You could argue that some battles not included might have been more important, but this is a survey, not a compete history of all important battles.
Professor Aldrete does a good job of explaining both the battles, and why they were on his list as key decisive battles in history.
Folks, let me be concise in this review. Spend a credit on this if the topic interests you. It's worth your credit.
"Good first step, easy to understand"
The lecturer clearly enjoys and is passionate about his subject. He makes it simple enough that there is no need to go into this series with a doctorate is history. He is honest about his shortcomings and personal preferences and he invites readers (listeners) to disagree with him. This is a great way to pick up some military history as each lecture is self contained and allows you to listen for 30 minutes at a pop and return without having to back up to figure out where you are in history.
"Well worth it"
This is an engaging and well-performed overview of the decisive battles in world history, informative yet colorful and packed with fun tidbits. Highly recommended for casual readers of military history like me.
"Enjoyable and interesting, but not great."

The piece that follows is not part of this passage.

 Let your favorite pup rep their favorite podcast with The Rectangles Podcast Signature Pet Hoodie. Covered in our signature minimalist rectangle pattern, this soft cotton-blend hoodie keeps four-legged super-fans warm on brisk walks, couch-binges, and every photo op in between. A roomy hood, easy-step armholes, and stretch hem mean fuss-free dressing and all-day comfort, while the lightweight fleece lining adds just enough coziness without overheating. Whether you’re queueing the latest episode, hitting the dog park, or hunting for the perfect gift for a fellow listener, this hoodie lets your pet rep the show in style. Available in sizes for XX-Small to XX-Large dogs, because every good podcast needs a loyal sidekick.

While I enjoyed this book, I found it to be my least favorite of the Great Courses books that I have listened to. This one covers a lot of ground but the content tended to be less like a history book and more like one of those “strange facts” books. A large portion of the book is essentially conjecture that comes across as fact. It also seemed like there was an effort on the part of the Author to be politically correct in his selection of the battles he determined were decisive. The battles covered, while numerous, are described at the highest of levels – the content is broad just not very deep. Professor Aldrete seemed a little uncomfortable narrating the book which made some parts difficult to listen to. In the end the Professor says his goal in writing the book was to stimulate thought on behalf of the listeners and in that sense he accomplished his goal. It’s a good book, but not Great.
I thought it would only be about battle and tactics, but it was a pleasant combination of those and historical background and influences of the different battles.